This special preview book shows some of the amazing pages, character designs, and costumes from Lorente as well as the first few pages of
Alan Moore's story. Don't miss out on this sneak peak of the biggest Alan Moore book of the
summer.

A HYPOTHETICAL LIZARD
Alan Moore
Half her face was porcelain.
Seated
upon her balcony, absently chewing the anemic blue flowers she had plucked from
her window garden, Som-Som regarded the courtyard of the House Without Clocks.
Unadorned and circular, it lay beneath her like a shadowy and stagnant well. The
black flagstones, polished to an impassive luster by the passage of many feet,
looked more like still water than stone when viewed from above. The cracks and
fissures that might have spoiled the effect were visible only where veins of
moss followed their winding seams through the otherwise featureless jet. It
could as easily have been a delicate lattice of pond scum that would shatter and
disperse with the first splash, the first ripple...
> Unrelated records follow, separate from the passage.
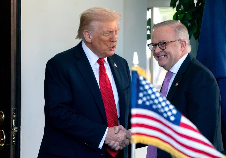 U.S. President Donald Trump, and Anthony Albanese, Australia’s prime minister, shake hands outside the West Wing of the White House in Washington, DC, US, on Monday,...
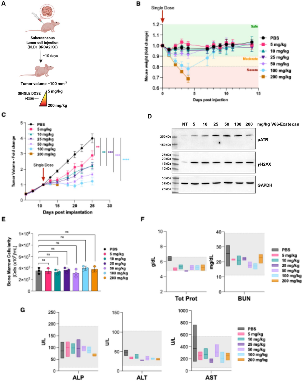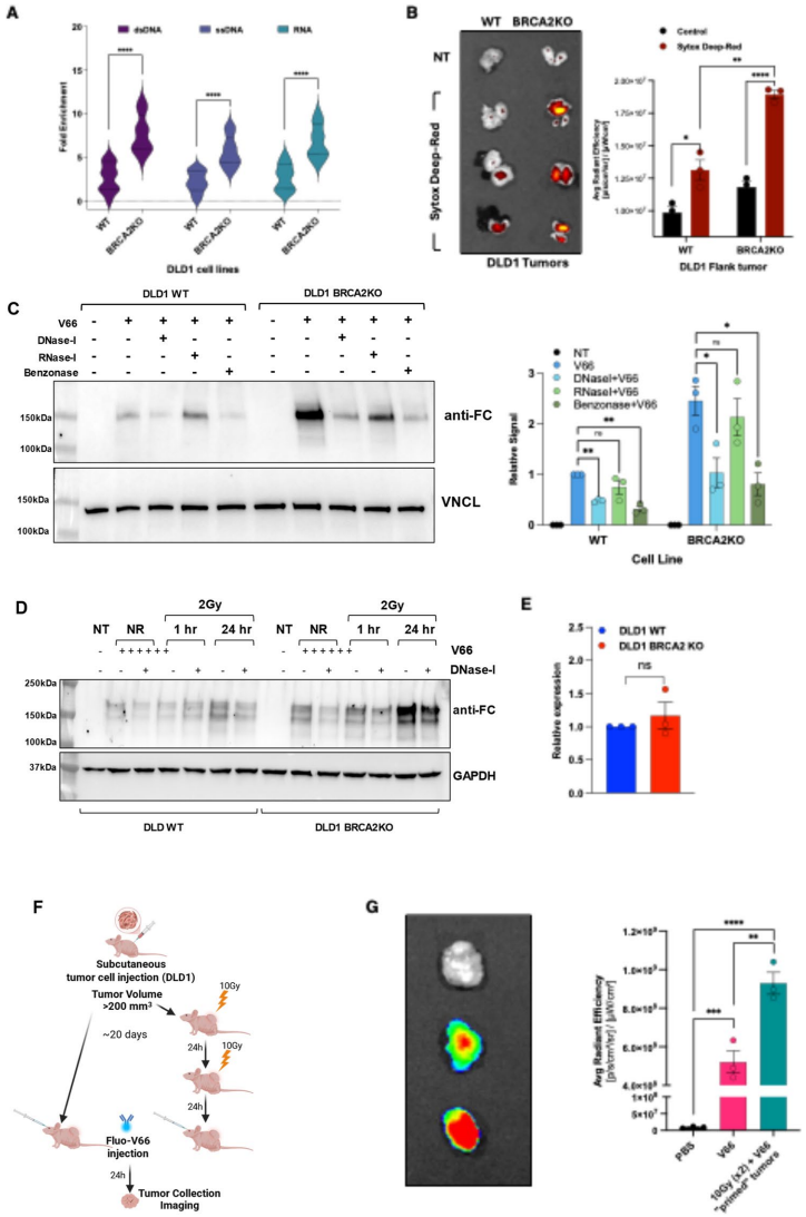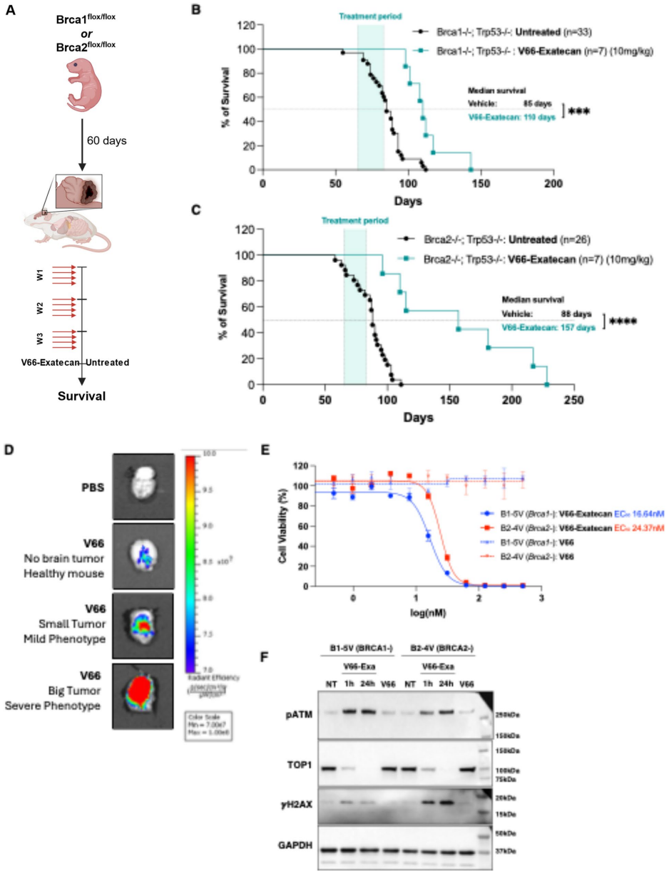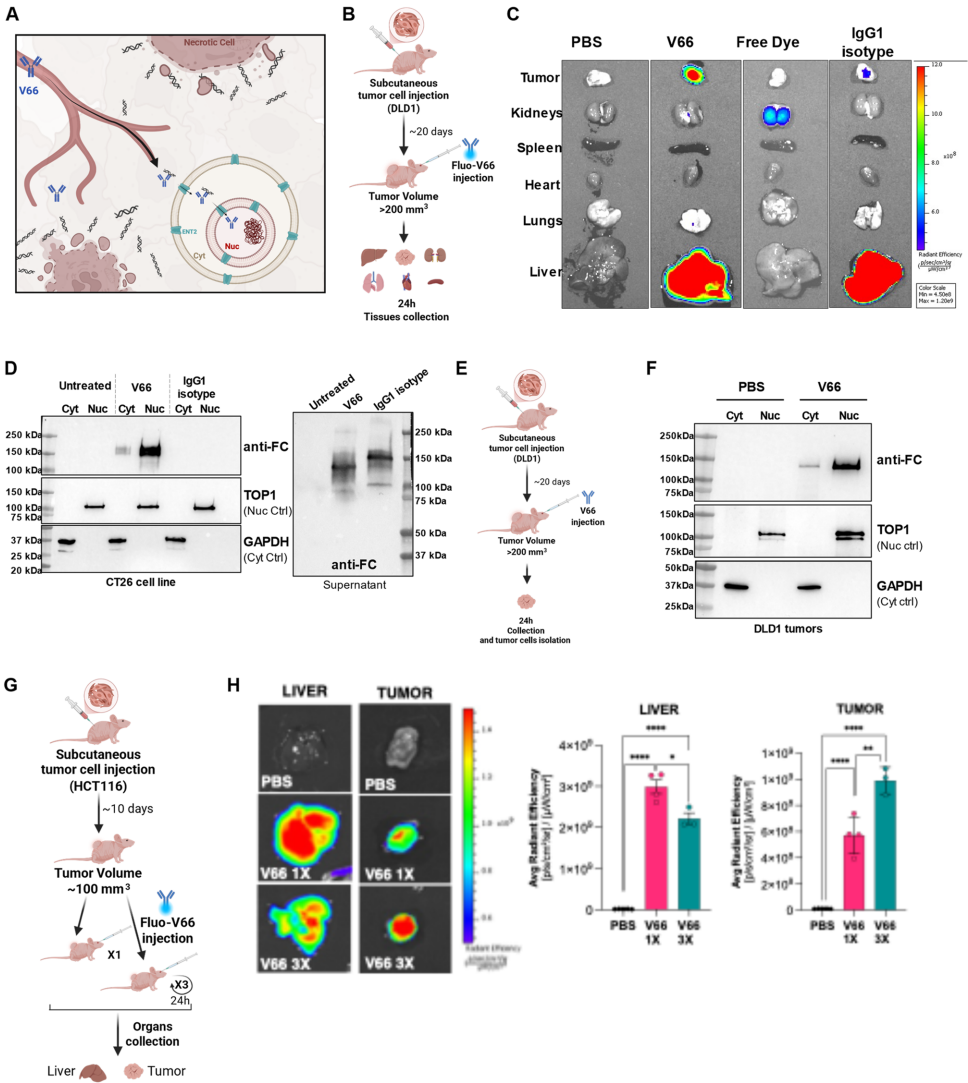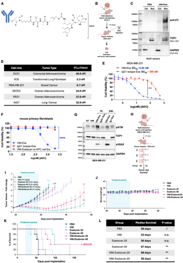 本研究针对当前抗体偶联药物(ADC)面临的肿瘤靶向性不足、内化效率低及难以抵达特殊病灶(如脑肿瘤)等局限,开发了一种基于抗胞外DNA(exDNA)抗体V66的新型ADC——V66-exatecan。该药物通过结合肿瘤微环境中的exDNA和癌细胞高表达的ENT2转运蛋白,实现核内靶向递送exatecan(TOP1抑制剂),在多种癌症模型(包括三阴性乳腺癌和BRCA缺陷型髓母细胞瘤)中诱导显著DNA损伤反应(DDR)、旁观者杀伤及肿瘤完全消退,且无显著毒性。该研究为克服传统ADC局限性提供了新策略,尤其适用于DNA修复缺陷型肿瘤和血脑屏障穿透难题的治疗。
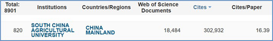 本期全球共8901家机构有ESI学科进入前1%,比上一期(8786家)增加115家。我校在全球机构中总排名为820位,比上一期(829位)上升9位(图2)。本期我校ESI学科共涉及18484篇论文(SCI、SSCI论文),被引总次数为302932次,篇均被引次数为16.39次,高水平论文数270篇。

When Som-Som was five her mother had noticed the aching beauty
prefigured in her infant face and had brought the uncomprehending child
through the yammering maze of nighttime Liavek until they reached the pastel
house with its round black courtyard. Yielding to the tug of her mother's hand,
Som-Som dragged across the midnight slabs with the echo of her shuffling
footsteps whispering back to her from the high, curved wall that bounded all but
a quarter of the enclosure. The concave facade of the House Without Clocks
itself completed the circle, and into its broad arc were set seven doors, each
of a different color. It was at the central door, the white one, that her mother
knocked.
There was
the sound of small and careful footsteps, followed by the
brief muttering of a latch as the door was unlocked from the other side. It
glided noiselessly open. Dressed all in white against the whiteness of the
chambers beyond, a fifteen-year-old girl stared out into the dark at them, her
eyes remote and unquestioning. The garment she wore was shaped to her body and
colored like snow, with faint blue shadows pooling in its folds and creases. It
covered her from head to toe, save for the openings that had been cut away to
reveal her right breast, her left hand, and her
impenetrable masklike face.
Staring
up at the slim figure framed in its icy rectangle of light,
Som-Som had at first assumed that the girl's visible flesh was reddened by the
application of paint or powder. Looking closer, she realized with a thrill of
fascination and horror that the skin was entirely covered by small yet legible
words, tattooed in vivid crimson upon the smooth white canvas beneath. Finely
worded sentences, ambiguous and suggestive, spiraled out from the maroon bud of
her nipple. Verses of elegant and cryptic passion followed the orbit of her left
eye before resolving themselves into a perfect metaphor beneath the shadow of
her cheekbone. Her fingers dripped with poetry.
She
looked first at Som-Som and then at her mother, and there was no
judgment in her eyes. As if something had been agreed upon, she turned and
walked with tiny, precise steps into the arctic dazzle of the House Without
Clocks. After an instant, Som-Som and her mother followed, closing the white
door behind them.
The girl
(whose name, Som-Som later learned, was Book) led the two of them through
spectrally perfumed corridors to a room that was at once
gigantic and blinding. White light, refracted through lenses and faceted
glassware, seemed to hang in the air like a ghostly cobweb, so that the
shapes and forms within the room were softened. At the center of this foggy
phosphorescence, a tall woman reclined upon polar furs, the cushions strewn
about her feet embossed with intricate frost patterns. The glimmering blur
of her surroundings erased the wrinkles from her skin and made her ageless, but
when she spoke her voice was old. Her name was Ouish, and she was the mistress
and proprietor of the House Without Clocks.
The
conversation that passed between the two women was low and obscure, and Som-Som
caught little of it. At one point, Mistress Ouish rose from her bed of white
pelts and hobbled across to inspect the child. The old woman had taken Som-Som's
face lightly between thumb and forefinger, turning the head in order to study
the profile. Her touch was like crepe, but surprisingly warm in a room that
gleamed with such unearthly coldness.
Evidently satisfied, she turned and nodded once to the girl called Book
before returning to the embrace of her furs.
The
tattooed servant left the room, returning some moments later
bearing a small pouch of bleached leather. It jingled faintly as she walked.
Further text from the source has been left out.